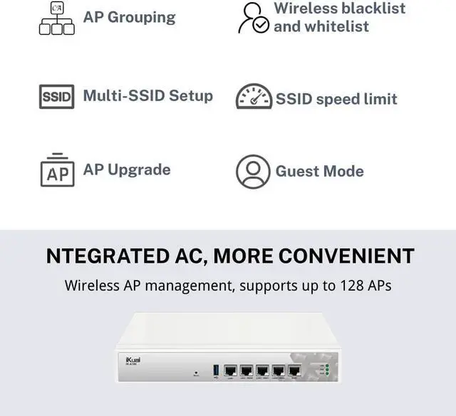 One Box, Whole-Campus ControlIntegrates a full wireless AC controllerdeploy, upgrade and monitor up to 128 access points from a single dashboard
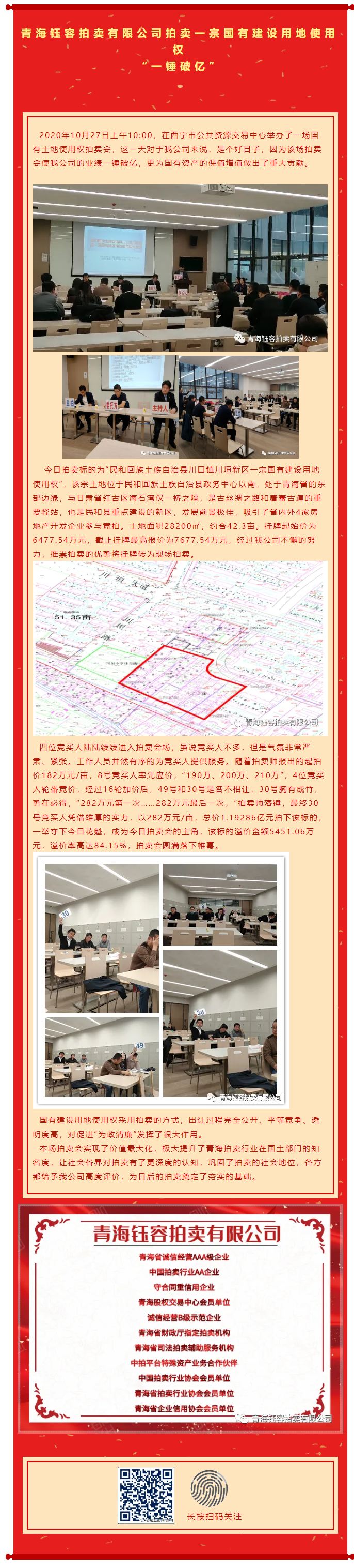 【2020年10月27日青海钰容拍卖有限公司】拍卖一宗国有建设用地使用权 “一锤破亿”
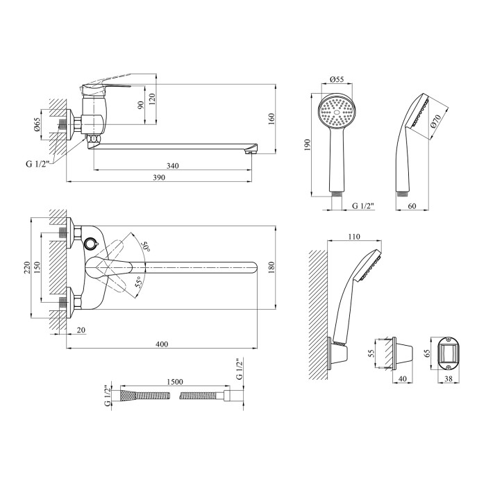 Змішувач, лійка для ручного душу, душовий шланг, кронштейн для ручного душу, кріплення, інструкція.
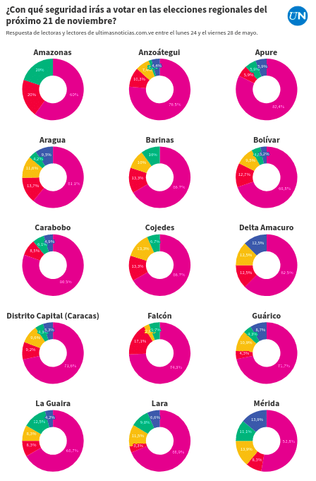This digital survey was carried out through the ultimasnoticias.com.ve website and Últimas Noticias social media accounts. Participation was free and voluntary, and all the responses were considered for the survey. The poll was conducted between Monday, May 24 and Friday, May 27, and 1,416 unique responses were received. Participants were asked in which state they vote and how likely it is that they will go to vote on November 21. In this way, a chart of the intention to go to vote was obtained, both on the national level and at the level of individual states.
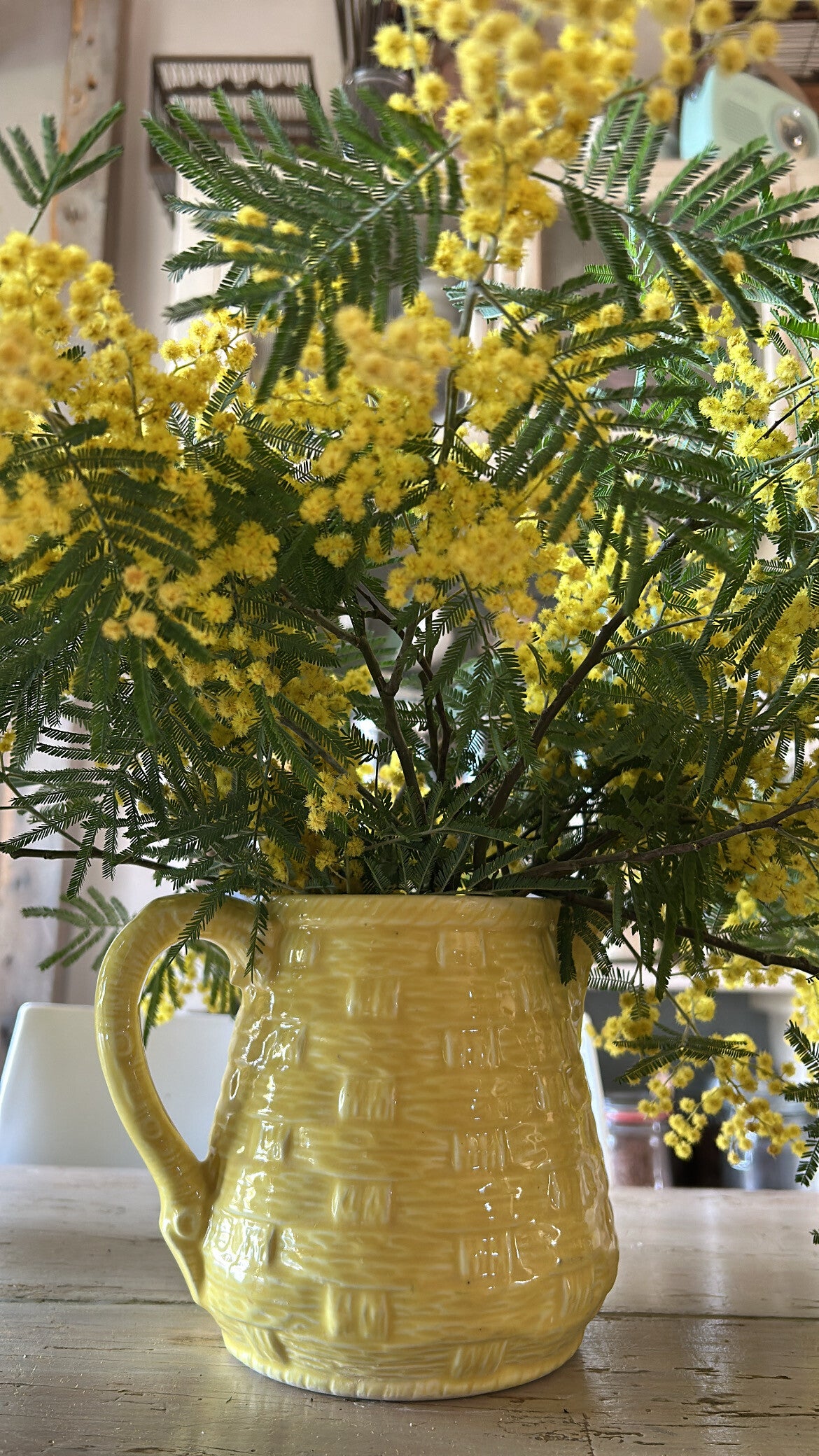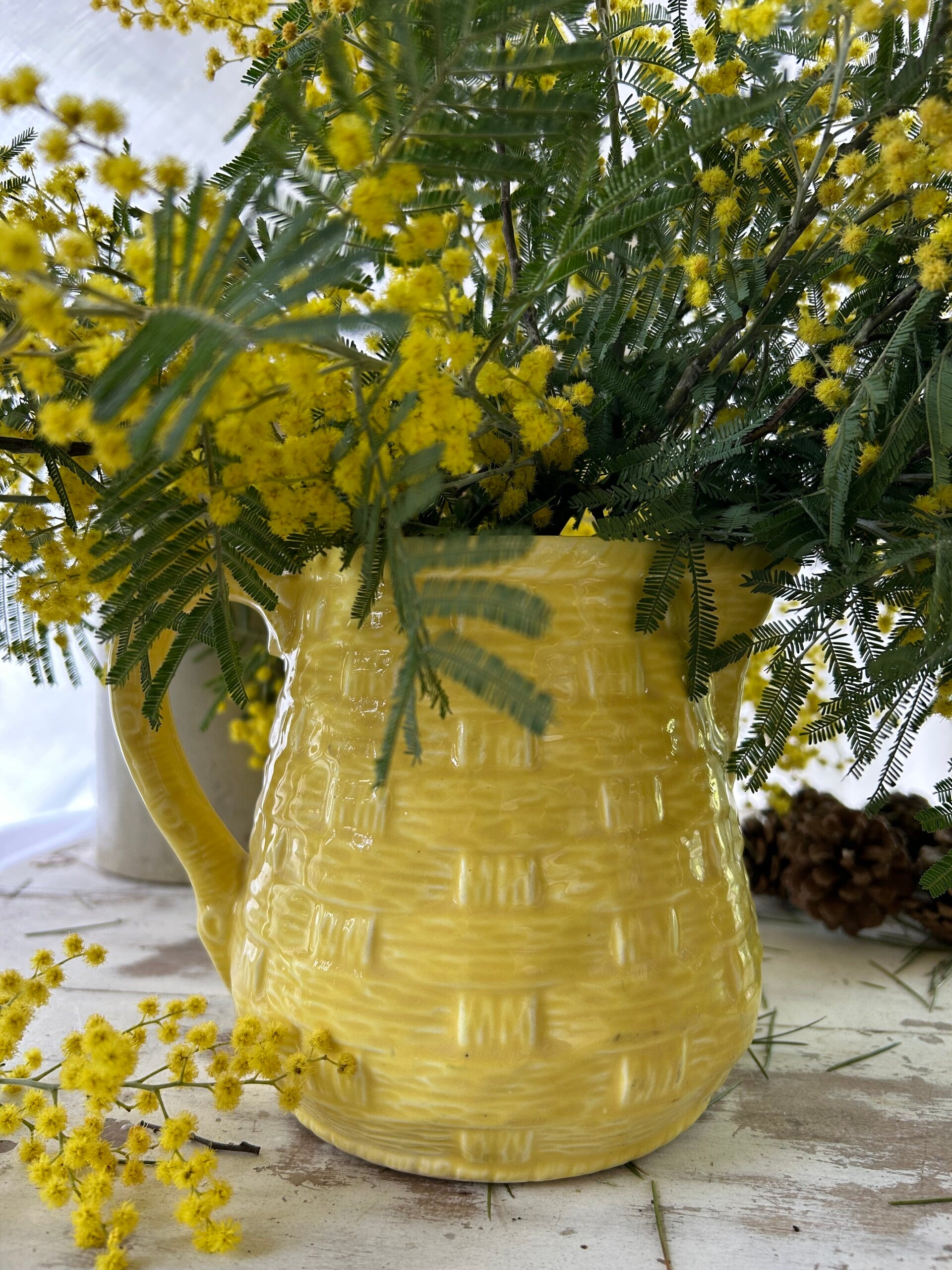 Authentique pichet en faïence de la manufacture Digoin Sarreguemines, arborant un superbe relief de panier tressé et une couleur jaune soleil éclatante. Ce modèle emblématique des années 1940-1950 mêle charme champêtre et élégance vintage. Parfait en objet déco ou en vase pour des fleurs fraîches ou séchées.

▬▬▬▬▬▬▬▬▬▬

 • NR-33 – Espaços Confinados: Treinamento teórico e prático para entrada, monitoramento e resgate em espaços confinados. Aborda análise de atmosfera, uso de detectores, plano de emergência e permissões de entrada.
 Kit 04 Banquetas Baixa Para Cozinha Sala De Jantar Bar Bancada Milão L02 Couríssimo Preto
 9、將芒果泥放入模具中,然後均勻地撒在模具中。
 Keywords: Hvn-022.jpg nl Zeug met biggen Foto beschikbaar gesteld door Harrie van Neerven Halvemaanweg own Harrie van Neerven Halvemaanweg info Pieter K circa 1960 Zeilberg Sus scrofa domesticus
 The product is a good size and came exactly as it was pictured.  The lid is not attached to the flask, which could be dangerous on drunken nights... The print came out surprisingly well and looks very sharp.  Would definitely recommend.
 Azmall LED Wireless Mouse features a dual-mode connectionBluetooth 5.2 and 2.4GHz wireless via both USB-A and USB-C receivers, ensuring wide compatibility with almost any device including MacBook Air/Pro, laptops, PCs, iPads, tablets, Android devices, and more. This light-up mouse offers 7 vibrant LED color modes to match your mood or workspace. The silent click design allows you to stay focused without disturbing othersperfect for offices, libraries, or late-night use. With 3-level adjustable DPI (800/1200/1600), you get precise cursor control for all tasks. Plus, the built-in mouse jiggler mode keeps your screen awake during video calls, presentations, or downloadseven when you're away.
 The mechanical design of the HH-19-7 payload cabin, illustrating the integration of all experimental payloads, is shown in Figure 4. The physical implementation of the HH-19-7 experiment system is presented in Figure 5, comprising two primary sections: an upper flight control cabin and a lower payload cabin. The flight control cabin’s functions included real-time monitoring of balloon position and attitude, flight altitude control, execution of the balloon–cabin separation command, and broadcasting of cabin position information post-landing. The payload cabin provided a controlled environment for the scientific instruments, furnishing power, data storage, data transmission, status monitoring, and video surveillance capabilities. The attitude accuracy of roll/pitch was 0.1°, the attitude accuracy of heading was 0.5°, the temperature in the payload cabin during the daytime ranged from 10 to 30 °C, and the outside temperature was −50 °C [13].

▬▬▬▬▬▬▬▬▬▬

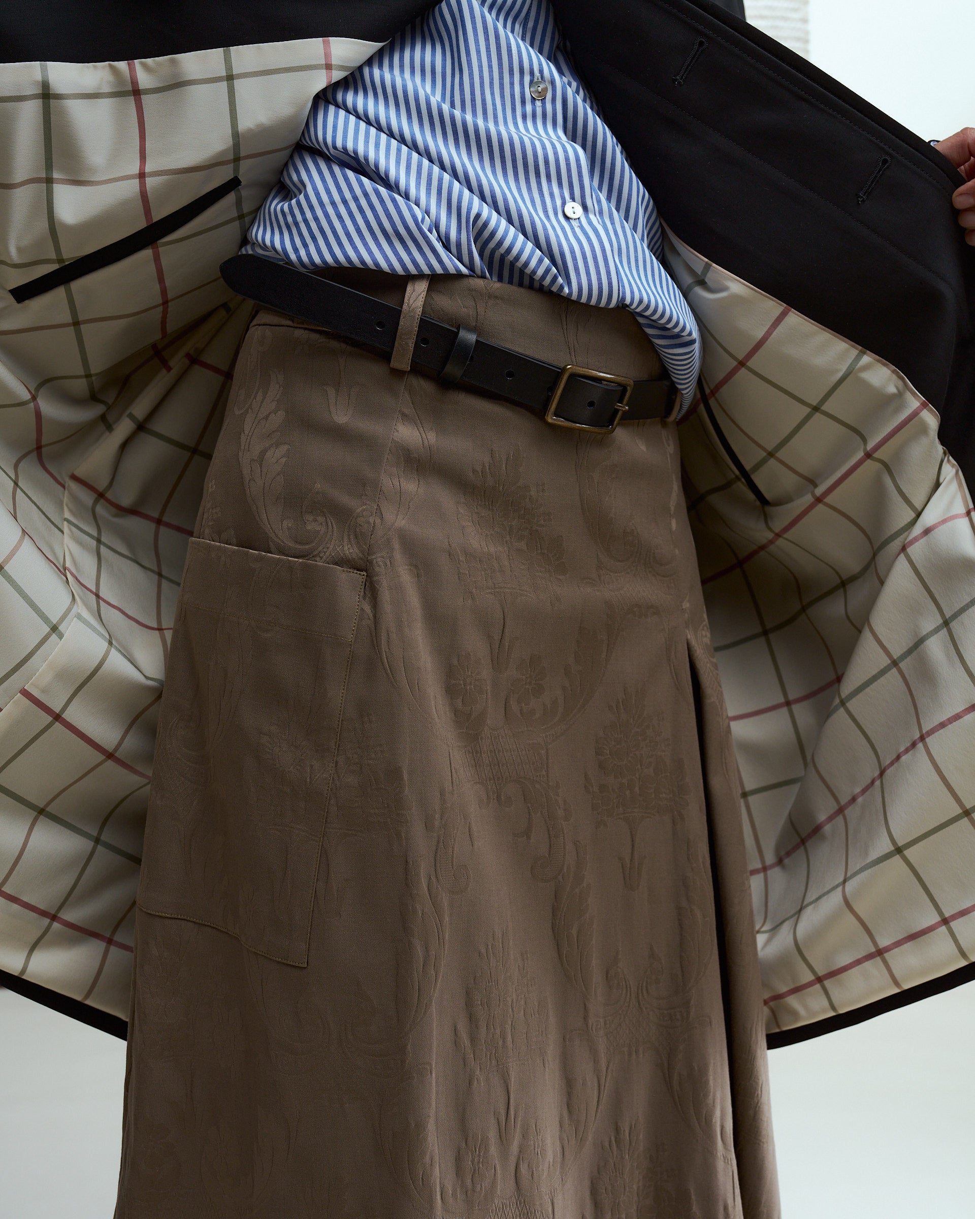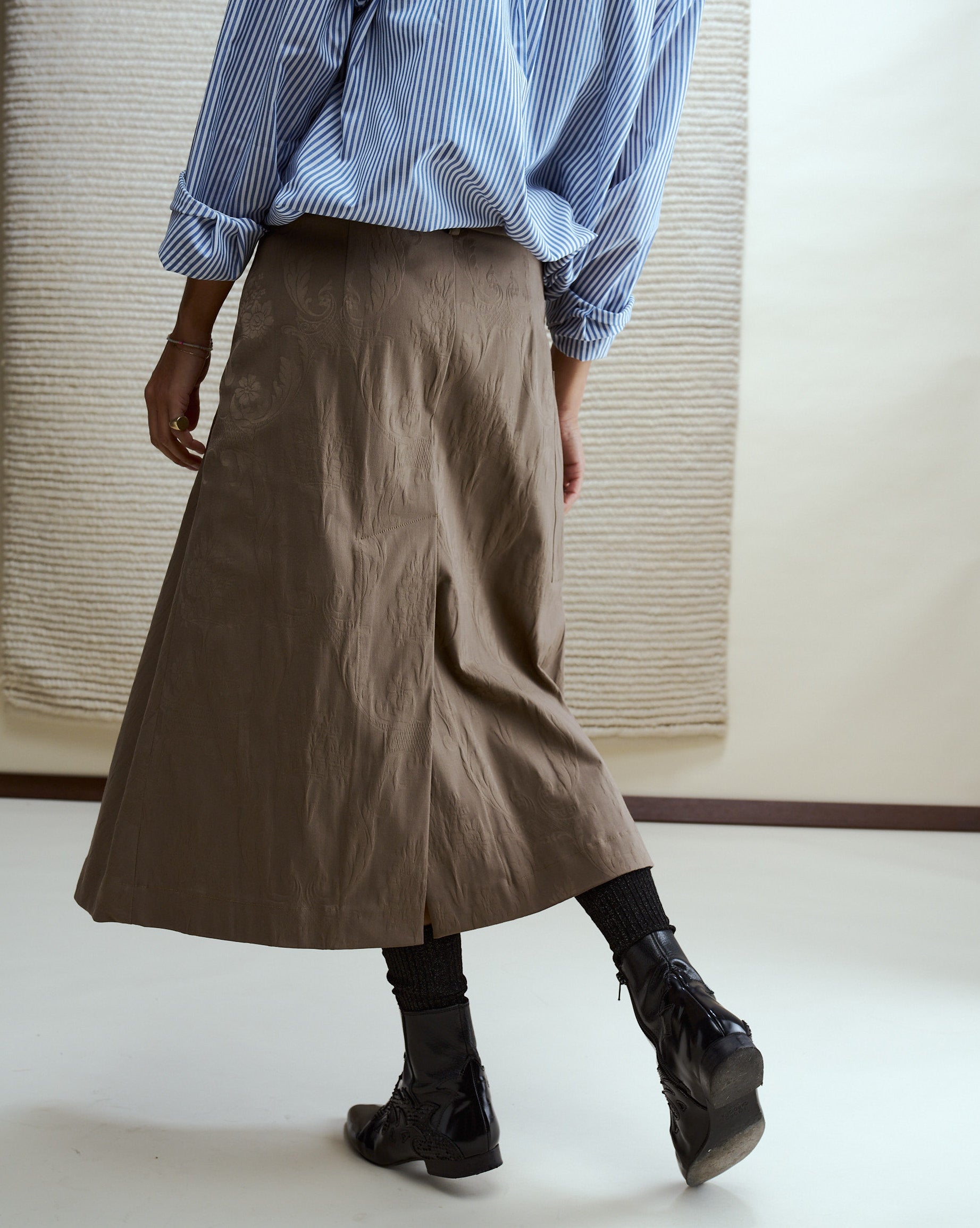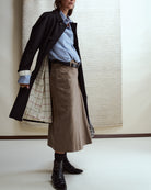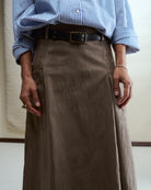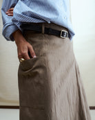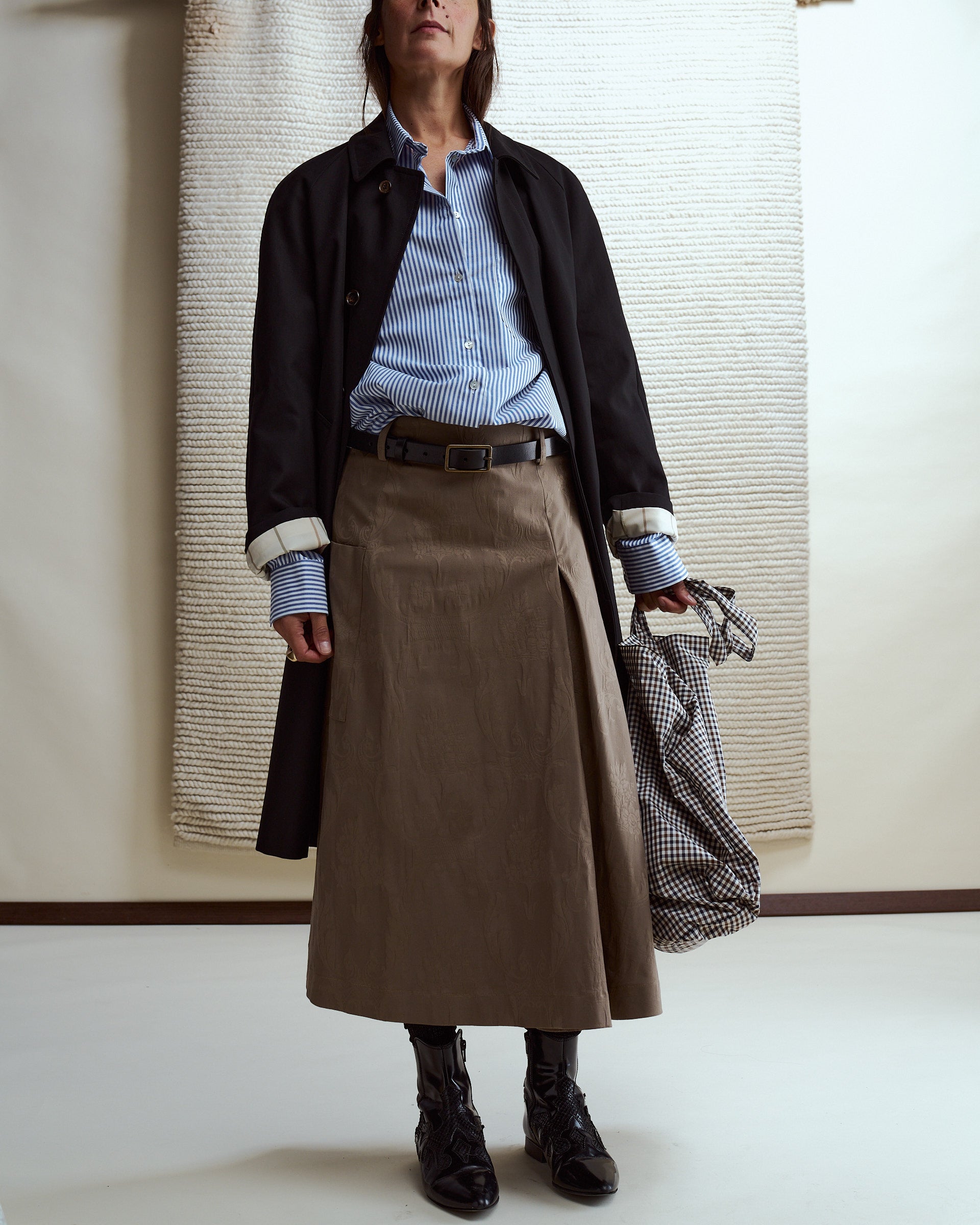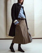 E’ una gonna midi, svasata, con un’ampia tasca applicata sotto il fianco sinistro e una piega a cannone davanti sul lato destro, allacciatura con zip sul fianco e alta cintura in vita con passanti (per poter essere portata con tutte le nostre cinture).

▬▬▬▬▬▬▬▬▬▬

Problem to solve -
Of all the entries above, output exactly the lines between the one holding "permissões de entrada." and the one holding "9、將芒果泥放入模具中,然後均勻地撒在模具中。", inclusive.

Result -
 • NR-33 – Espaços Confinados: Treinamento teórico e prático para entrada, monitoramento e resgate em espaços confinados. Aborda análise de atmosfera, uso de detectores, plano de emergência e permissões de entrada.
 Kit 04 Banquetas Baixa Para Cozinha Sala De Jantar Bar Bancada Milão L02 Couríssimo Preto
 9、將芒果泥放入模具中,然後均勻地撒在模具中。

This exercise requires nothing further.